Retype every entry word for word. Omit the pictures.
::::::::::
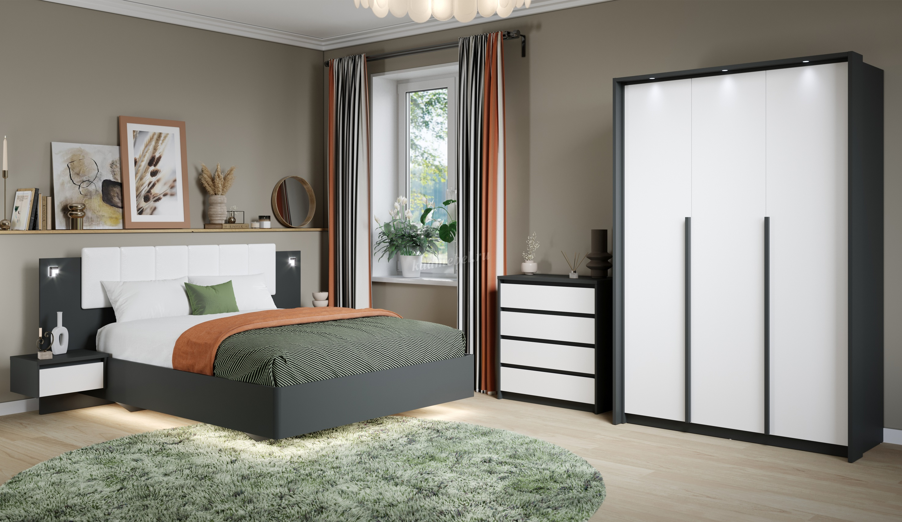 Мишель – это современная спальня с лаконичными формами и строгой геометрией в актуальных цветах. Отсутствие лицевой фурнитуры в ящиках и комодах подчеркивают минималистичный дизайн спальни.
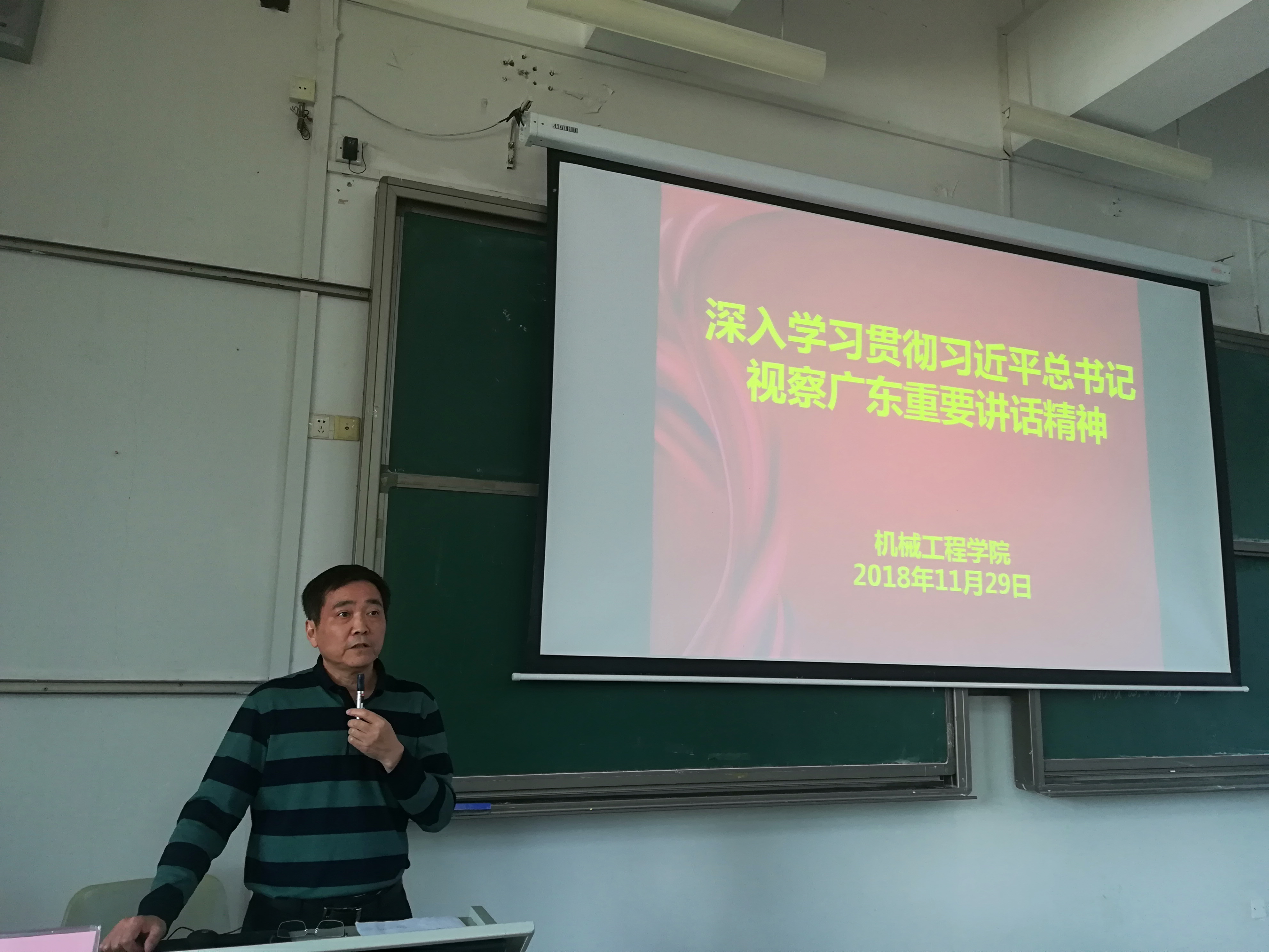 2018年11月29日下午,伟德国际victor1946在教学楼6E206组织召开习近平总书记视察广东重要讲话精神专题学习会,参与人员包括全院教职工和员工党员。会议由党总支书记钟守炎主持。
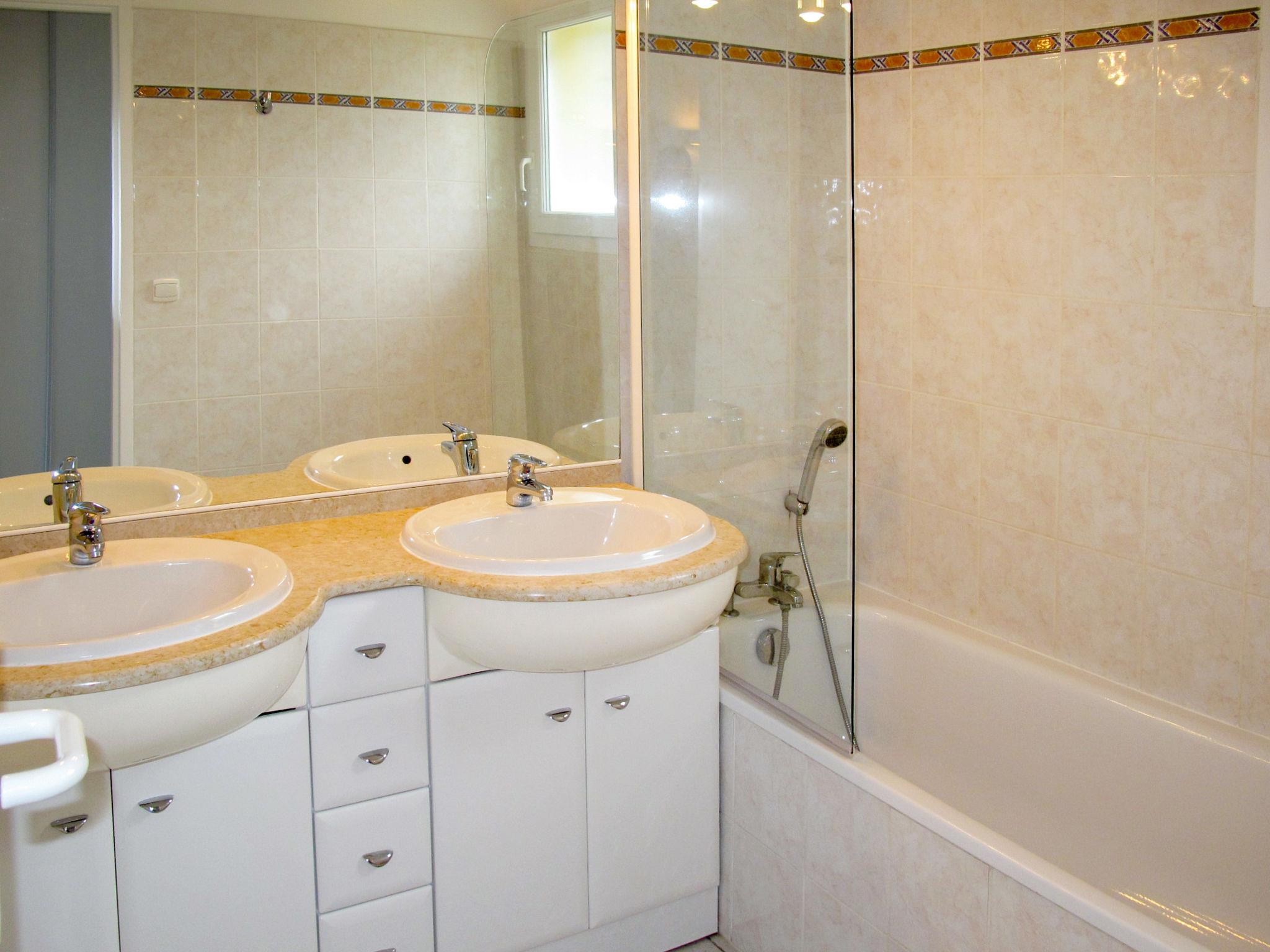 "Eden Parc Golf de l'Ardilouse V4I", 3-room villa 70 m2. Beautiful furnishings: living/dining room with panoramic window with dining table and satellite TV (flat screen). Exit to the terrace. 1 room with 1 french bed (160 cm, length 200 cm). Exit to the terrace. 1 room with 2 beds (90 cm, length 190 cm). Exit to the terrace. Open kitchen (oven, dishwasher, 4 ceramic glass hob hotplates, toaster, kettle, microwave, freezer, electric coffee machine) with bar. Bathroom, sep. WC, double hand-basin. Electric heating. Terrace roofed. Terrace furniture, barbecue (portable), deck chairs (2), box-room. Facilities: washing machine, dryer, children's high chair, baby cot (extra). Please note: non-smoking house. Maximum 2 pets/ dogs allowed. Smoke alarm.
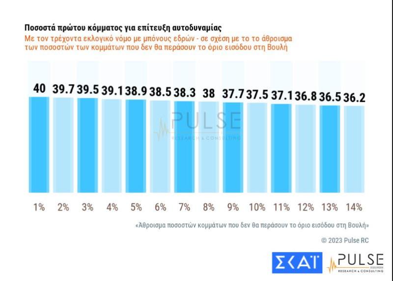 Η έρευνα της Pulse παρουσίασε όλα τα σενάρια, ακόμη και για Βουλή με εννέα κόμματα. Το βασικό σενάριο προβλέπει 7 κόμματα, ωστόσο ο κοινός παρονομαστής, σε κάθε περίπτωση, είναι η αυτοδυναμία της Νέας Δημοκρατίας, με έδρες που κυμαίνονται από 155 έως και 166, ανάλογα με τον αριθμό των κομμάτων που θα «πιάσουν» το όριο για την είσοδό τους στη Βουλή.
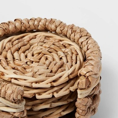 Elevate your kitchen and drinkware with the rustic charm of the Seagrass Coasters with Holder from Threshold™. This pack of table coasters includes four circular coasters featuring a woven seagrass design that will complement any decor aesthetic. They provide a convenient base to rest your drinks upon, keeping tabletops and counters free from messy drips, condensation rings and stains. Plus, the matching holder keeps the coasters neatly stored.
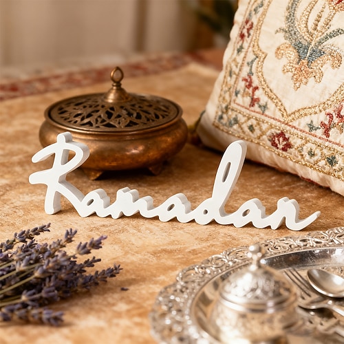 Minimalistische Wohndekoration in Weiß für Ramadan und Eid – Buchstaben aus Acryl/Chiffon, festliche Tischdekoration, perfekt für die Feierlichkeiten zu Ramadan und Eid al-Adha.
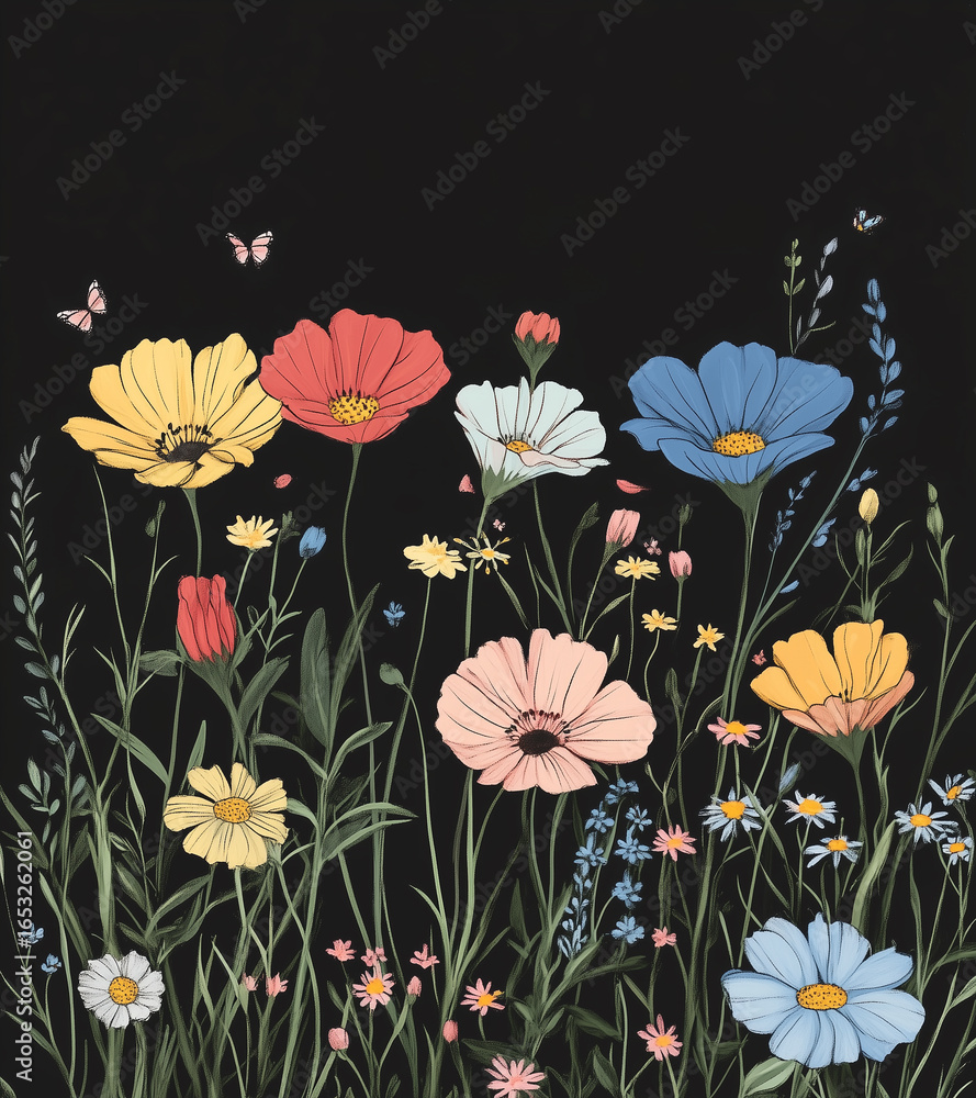 • Ilustracja łąki pełnej kolorowych, dzikich kwiatów i motyli na czarnym tle. To jest jaskrawy, graficzny wzór. Idealny do projektów tekstylnych.
::::::::::
# Exercise output:
 Мишель – это современная спальня с лаконичными формами и строгой геометрией в актуальных цветах. Отсутствие лицевой фурнитуры в ящиках и комодах подчеркивают минималистичный дизайн спальни.
 2018年11月29日下午,伟德国际victor1946在教学楼6E206组织召开习近平总书记视察广东重要讲话精神专题学习会,参与人员包括全院教职工和员工党员。会议由党总支书记钟守炎主持。
 "Eden Parc Golf de l'Ardilouse V4I", 3-room villa 70 m2. Beautiful furnishings: living/dining room with panoramic window with dining table and satellite TV (flat screen). Exit to the terrace. 1 room with 1 french bed (160 cm, length 200 cm). Exit to the terrace. 1 room with 2 beds (90 cm, length 190 cm). Exit to the terrace. Open kitchen (oven, dishwasher, 4 ceramic glass hob hotplates, toaster, kettle, microwave, freezer, electric coffee machine) with bar. Bathroom, sep. WC, double hand-basin. Electric heating. Terrace roofed. Terrace furniture, barbecue (portable), deck chairs (2), box-room. Facilities: washing machine, dryer, children's high chair, baby cot (extra). Please note: non-smoking house. Maximum 2 pets/ dogs allowed. Smoke alarm.
 Η έρευνα της Pulse παρουσίασε όλα τα σενάρια, ακόμη και για Βουλή με εννέα κόμματα. Το βασικό σενάριο προβλέπει 7 κόμματα, ωστόσο ο κοινός παρονομαστής, σε κάθε περίπτωση, είναι η αυτοδυναμία της Νέας Δημοκρατίας, με έδρες που κυμαίνονται από 155 έως και 166, ανάλογα με τον αριθμό των κομμάτων που θα «πιάσουν» το όριο για την είσοδό τους στη Βουλή.
 Elevate your kitchen and drinkware with the rustic charm of the Seagrass Coasters with Holder from Threshold™. This pack of table coasters includes four circular coasters featuring a woven seagrass design that will complement any decor aesthetic. They provide a convenient base to rest your drinks upon, keeping tabletops and counters free from messy drips, condensation rings and stains. Plus, the matching holder keeps the coasters neatly stored.
 Minimalistische Wohndekoration in Weiß für Ramadan und Eid – Buchstaben aus Acryl/Chiffon, festliche Tischdekoration, perfekt für die Feierlichkeiten zu Ramadan und Eid al-Adha.
 • Ilustracja łąki pełnej kolorowych, dzikich kwiatów i motyli na czarnym tle. To jest jaskrawy, graficzny wzór. Idealny do projektów tekstylnych.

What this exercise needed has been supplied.